Назревал период аспирантуры, содержание которой все больше захватывало отца. Я торжествовал и, если отец был занят, то я разговаривал с его женой – Людмилой Михайловной, которая боготворила отца и очень хорошо относилась ко мне. Аспирантура окончилась, я удачно защитил диссертацию, по теме, которую выбрал сам и сам разработал, что понравилось отцу, который помнил члена–корр. Ягодина Г.А., бывшего некоторое время его аспирантом.
На моей защите присутствовали Вера Александрова Ратобыльская и жена отца Людмила Михайловна. Я уже начал считаться своим на кафедре физики и, вдруг, отца свалил инфаркт, и наступила практически мгновенная смерть. Это было в марте 1969 года.
Как бы я мечтал так же, “по Тарасовски”, окончить жизнь, но мне была суждена тяжелейшая доля человека, страдающего мучительными болями, наподобие тех, которые испытывал “Овод” и в придачу паралич всей правой половины тела. Я часто говорю себе: “Будь доволен тем, что имеешь. Главное – у тебя ясный ум и высокая работоспособность”.
- Интересно, одобрил бы меня отец? – думал я частенько, и это означало, что я признал отца только после его смерти. Странная штука жизнь!
Отец
Цепные и слоистые структуры
Будили мысль его как медный гонг.
Житейское для столь живой натуры
Далеким было, дальше, чем Гонконг.
Рождали интерес алмаз, графит, рутил
Как атом с атомом в них сцеплен.
Модель кристалла он крутил,
И думал о движеньях мертвой цепи.
Был поэтичен, называл фононы
Неслышной музыкой цепей.
Но вот конфуз - чужое в его тоне
Мне слышалось - ну хоть убей.
Однажды я пытался рассказать
О творчестве простого инженера...
Отец спросил в ответ про мать
И снова о цепях, все в той манере...
Заговорил о Шульце и об Иоффе
- Людмила! крикнул вдруг сердясь,
- Ну, где ж обещанное кофе?!
Мы разошлись, поспешно распростясь…
Через три месяца - звонок тревожный
И чей-то голос, хлесткий как удар,
Принес мне весть о том, что невозможным
Казалось мне. Ушел великий дар!
Мне знак об этом слишком поздно послан:
Извечная у нас, людей, беда.
Ценить мы начинаем только после,
Иль не оценим вовсе никогда.
С именем отца всегда ассоциируются имена Оксаны Мостовой и Алика Очкина, которые на первом курсе решили задачу отрицательной инерции. Эту задачу отец предложил всем решить дома.

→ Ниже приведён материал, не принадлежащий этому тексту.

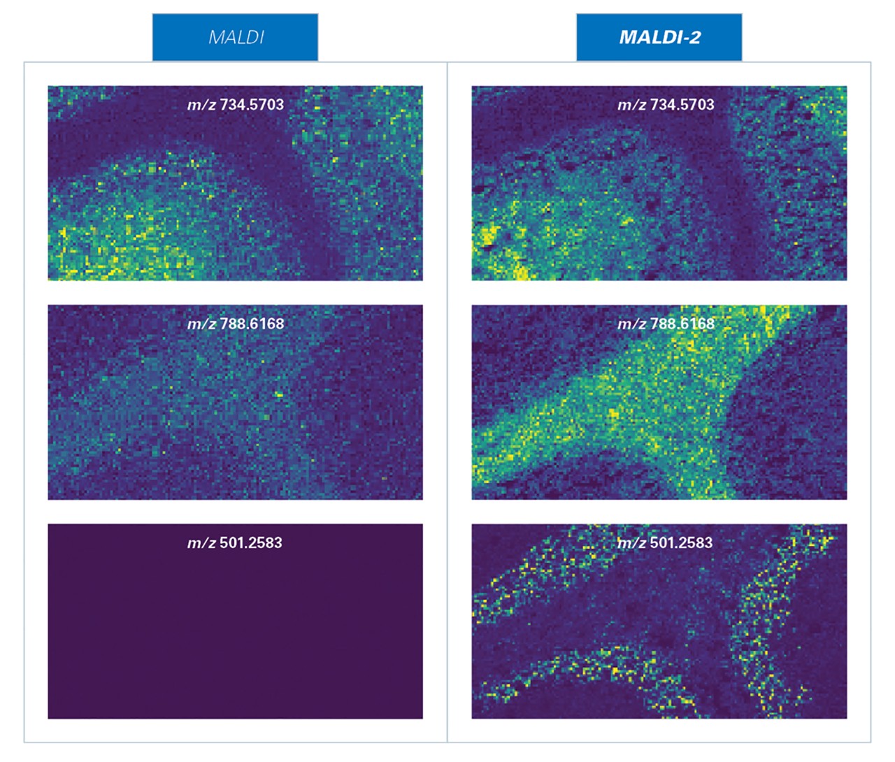 to tissue models by pinpointing the exact location of drugs and metabolites in tissue. MALDI-2 enhances molecular imaging for pharma studies by increasing overall sensitivity enabling quantitation for a wider range of dosing levels. Additionally, the increased variety of molecular classes seen by MALDI-2 expands the applicability of imaging to many more pharma projects that involve both xenobiotics and endogenous molecules.
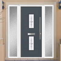 Seville 2 Urban Style Composite Front Door Set with Double Side Screen - Pusan Glass - Shown in Slate Grey

Как сейчас, я помню удивительное поведение шарика, наполненного гелием и привязанного к тележке. Шарик отклонялся при торможении тележки в сторону, противоположную той, которую мы привыкли видеть. Отец с восхищением говорил об Оксане и Алике, но я не завидовал. Я решил эту задачу почти сейчас же, но не признался.